To understand how the diversity and composition of T cells affect the outcome of cancer treatment, we are developing tools for analysis of multi-omic data from bulk, single cell, and spatial T cell receptor (TCR) sequencing assays. TCRseq can identify variable regions on receptors on the surface of each T cell, enabling statistical analysis of T cell repertoire dynamics.
We are working with a large, collaborative team to create pipelines that ingest, analyze, and present TCR sequencing data with three main objectives: 1) to improve the reproducibility and transparency of data analysis, 2) ease-of-use for beginners, and 3) to better understand the biological mechanisms of cancer progression and remission. The pipelines are designed for bulk, single-cell, and spatial TCR sequencing data and are wrapped in NextFlow to be run in the cloud or in high-performance computing centers (HPCs).

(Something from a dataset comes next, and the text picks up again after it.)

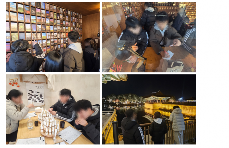 치유 여가프로그램 "마음온 힐링트립"(2025.11.28) 페이지 정보 작성자 최고관리자 작성일25-12-31 15:22 조회142회 관련링크 이전글 다음글 목록 본문 2025.11.28(금) "마음온 힐링트립" 이번 프로그램은 경주 일대를 방문하여 도자기 만들기 체험과 향수 만들기(향기테라피) 활동으로 구성되었습니다. 또한 경주의 정취가 가득한 황리단길을 산책하며 여유로운 시간을 보내고, ‘시간을 건너 온 편지’ 활동을 통해 아이들이 직접 고른 엽서에 자신의 마음을 담아 편지를 써보았습니다.하루의 마무리는 동궁과 월지의 아름다운 야경을 감상하며, 일상에서 벗어나 마음의 온기를 채우는 시간을 가졌습니다. 이전글 다음글 목록

We are also developing models of TCR antigen specificity and spatial evolution of the TCR repertoire. Current projects include: benchmarking of different approaches to TCR and antigen featurization: advanced BERT (Bidirectional Encoder Representations from Transformers) models trained with a Masked Language Model (MLM) objective, human-engineered features derived from prior immunological knowledge, and embeddings combined with Convolutional Neural Networks (CNNs); and building TCR evolution trees using spatial TCR sequencing, transcriptomics, and single-cell transcriptomics data.